Game Development is not an easy task. In fact, it’s quite complicated and difficult. One of the best examples of the many troubles developers face is porting older games to new PCs. This might look simple to us players, but from the developers' point of view, it can be quite frustrating. PC ports of some games suffer from some unacceptable issues like 30/60 FPS lock, FOV lock, and much more. PC gamers have also encountered bugs that were not present in the console versions.
343 Industries Engineer Andrew Schnickel, who has been with the company for over ten years, recently sat down with PC Gamer to explain why this happens and it’s not because developers are lazy. To understand what he said, you first need to know a little about game code, especially the time measurement unit called “game tick”. Game tick works well when the FPS is locked at 30, but things start to change when it goes higher.
"When some code said 'I want this thing to happen over 1/30th of a second' and somebody else said 'I want this to happen over one game tick,' they were equivalent," Schnickel explained to PC Gamer. "Now we go up to 60 frames per second, and 1/30th of a second and one game tick, are not the same thing anymore. That broke a number of things: Weapon fire was one area that we found a number of issues; you could see that effects would play too quickly; the mission scripting actually through the campaign, we had a lot of problems with that, a lot of that was tick based rather than time based."
Schnickel added that it is possible to go line by line to find these “bugs” and fix them, however they can be easily missed. There are thousands of lines of code and going through all of that is no simple task.
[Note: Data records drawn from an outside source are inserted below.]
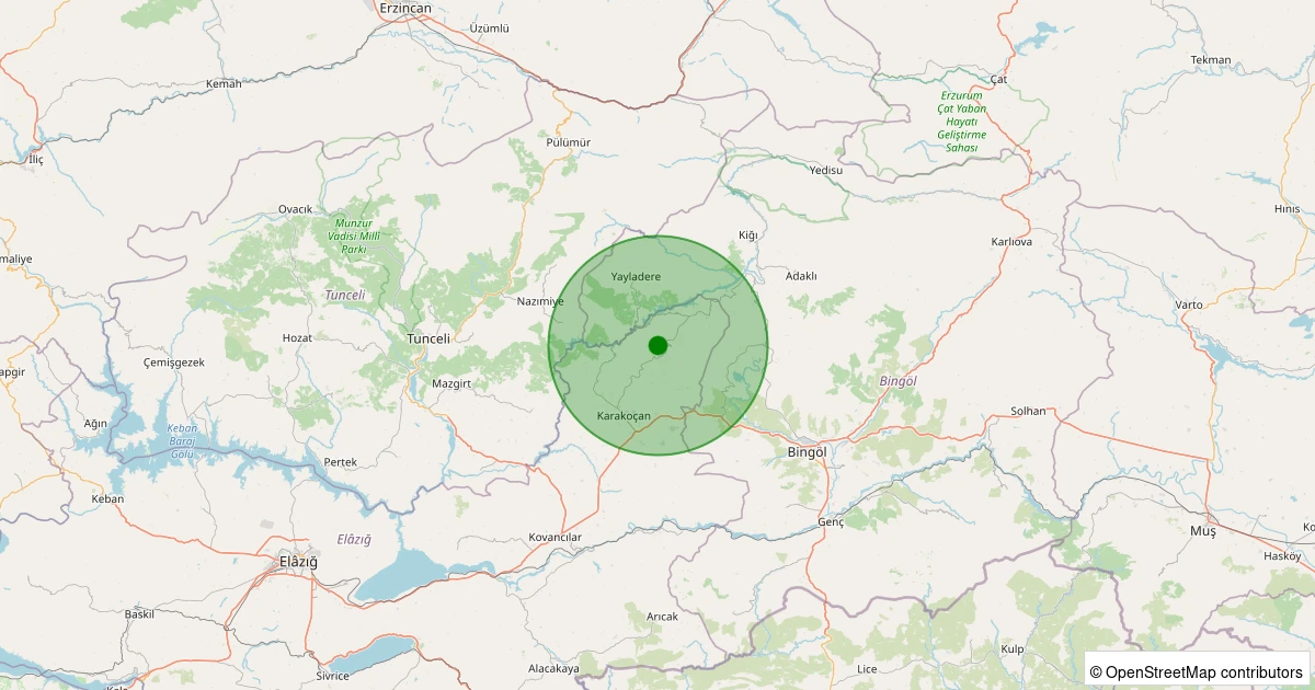 Son 7 gün içinde Karakoçan - Hamurkesen Köyü noktasından 100 km yarıçap içerisinde meydana gelen diğer depremler:
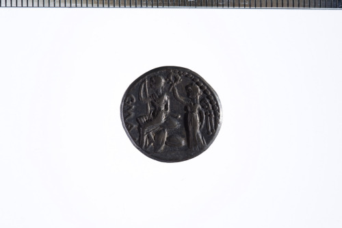 Dritto: Testa laureata di Apollo a d.; sotto il collo, X barrato; c.p.. Rovescio: Roma seduta a s. su una pila di scudi, che regge una spada con la mano s. e una lancia con la d., e che viene incoronata da una vittoria; c.p.
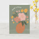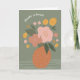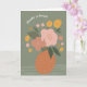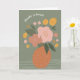 This folded thank you greeting card features an abstract and modern illustration of pink and yellow flowers in a terracotta vase on a sage green background. The front reads simply "thanks a bunch" and the inside is blank for versatility.

In Halo 4, upgrading the game for Xbox One with 60 FPS support created a bug where a sniper jackal on top of a cliff wouldn't die, no matter what you did. This was because a timing issue in the code made him immortal. "It takes a lot of careful debugging to find that," he said.
There was even as an issue with Dark Souls 2 where your weapon will deteriorate quicker if you played at higher FPS. After Schnickel's explanation it makes more sense. The weapon deterioration rate was linked with FPS, and when FPS increased, the game ticks passed through quicker and made the sword wear down faster than usual.
All of these issues are only when upgrading to 60FPS from 30FPS. If you want to play the game at uncapped FPS (let’s say 95) then none of the code will work as the game tick will become a variable rather a constant value. Getting a higher frame rate also causes an issue in animations that were designed for 30FPS.
"Where you really do run into problems is the interpolation, and you see that in animations and effects a lot," Schnickel said. "The animations in particular are challenging, because they were just authored for a slower frame rate. If you're familiar with how animation tends to work, you put in key frames, and then you interpolate between those key frames, and the interpolation doesn't always do what you expect it to do."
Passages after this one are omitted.